TRIBUNNEWS.COM, JAKARTA – Pengamat hukum, D Taufan mengatakan demi iklim investasi yang sehat, selain menjaga stabilitas sosial politik, pemerintah juga harus menjamin kepastian hukum bagi pelaku usaha dan investor.
"Hal ini dirasakan penting untuk menjaga keadilan bagi pelaku investasi, terutama yang sudah menjalankan semua aturan dan regulasi yang ditetapkan pemerintah," kata Taufan di Jakarta, Senin (25/7/2016).
Pernyataan Taufan ini disampaikan terkait rencana Menteri Kelautan dan Perikanan Susi Pudjiastuti yang mengusulkan mereview ulang Peraturan Presiden (Perpres) No.51/2014 oleh tim independen yang didasarkan pada Kajian Lingkungan Hidup Strategis (KLHS) dan dengan memperhatikan dinamika publik (sejalan dengan UU 32/2009 dan UU 26/2007 tentang Penataan Ruang).
Mantan Ketua Litbang Pusat Bantuan Hukum Indonesia (PBHI), D Taufan mengatakan, melakukan eksekutif review Perpres No.51/2014 boleh saja dilakukan sepanjang eksekutif review tersebut, juga memenuhi payung hukum UU No.26/2007 Pasal 20 ayat 4 yang menyebutkan Perpres bisa dilakukan eksekutif review,hanya sekali dalam lima tahun.
“Kalau Kementrian Kelautan berniat melakukan eksekutif review Perpres 51/2014 harus punya alasan yang jelas dan tidak bertentangan dengan UU dan bukan karena tekanan publik semata. Hal ini dilakukan agar ada kepastian hukum dan asas keadilan bagi pelaku usaha,”ujarnya di Jakarta, kemarin.
Perpres No.51/2014 yang disebut ini merupakan peraturan presiden yang mengatur rencana tata ruang kawasan perkotaan Denpasar, Badung, Gianyar, dan Tabanan (Sarbagita).
Salah satu poin terpenting dari aturan tersebut adalah mengubah peruntukkan perairan Teluk Benoa dari kawasan konservasi perairan menjadi zona budi daya yang dapat direklamasi maksimal seluas 700 Hektare.
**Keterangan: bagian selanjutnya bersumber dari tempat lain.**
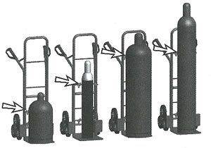 ボンベを支えるホルダーは上下左右に、チェーンの長さを調整することができ、様々なボンベに対応します。 | スチール六輪階段台車ボンベカート 品番 M14A520-FD11E |
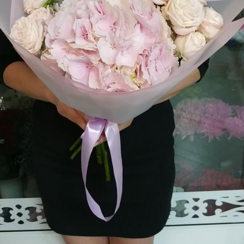 Гортензия – 1 шт.Роза кустовая – 3 шт.Оформление – 1 шт.

Oleh karena itu, Menteri Kelautan dan Perikanan (KKP) harus bekerja sesuai konstitusi dan dan bukan karena desakan konstituen,apalagi tekanan kelompok.
Pasalnya, sikap pernyataan Menteri KKP, disinyalir D Taufan, adalah sikap respon menteri terhadap upaya menanggapi tekanan dari pihak tertentu.
Hal ini penting dipertimbangkan untuk memberikan kepastian hukum bagi siapapun investor yang sudah mengajukan proses izin usaha.
Taufan meyakini, pernyataan Menteri KKP Susi Pudjiastuti tidak memiliki efek yang dapat secara serta-merta merubah peraturan, karena langkah tersebut dinilai tidak tepat.
”Apa yang disampaikan menteri untuk melakukan eksekutif review Perpres No.51/2014 kurang tepat karena justru bertentangan dengan pasal dalam UU yang disebut tersebut,” ungkapnya.
Dia menuturkan, sebaiknya masyarakat Bali yang tidak menyetujui Perpres No.51/2014 bisa meniru cara warga Jakarta dalam menolak reklamasi Teluk Jakarta dengan melakukan gugatan hukum di pengadilan negeri dan akhirnya dimenangkan warga Jakarta.
Sebaliknya, warga Bali juga bisa melakukan hal yang sama dengan mengajukan judicial review di Mahkamah Agung.
“Cara-cara seperti ini lebih berkelas dan elegan, karena ruang untuk review masih terbuka sepanjang dilakukan melalui proses hukum,” katanya.
Sebelumnya, Menteri KKP dalam pernyataan resminya mengemukakan, lantaran pendapat publik yang belum menyatu soal pengembangan Teluk Benoa, pihaknya memberikan tiga usulan.
Pertama, Perpres 51/2014 segera dilakukan review ulang oleh tim independen yang didasarkan pada Kajian Lingkungan Hidup Strategis (KLHS) dan dengan memperhatikan dinamika publik (sejalan dengan UU 32/2009 dan UU 26/2007 tentang Penataan Ruang).
Kedua, selama masa review, maka seluruh upaya pengembangan Teluk Benoa ditangguhkan sampai menunggu hasil review ditetapkan.
Ketiga, selama masa review, dilakukan komunikasi intensif dengan berbagai pihak terkait. Dan Ketiga, selama masa review, dilakukan komunikasi intensif dengan berbagai pihak terkait.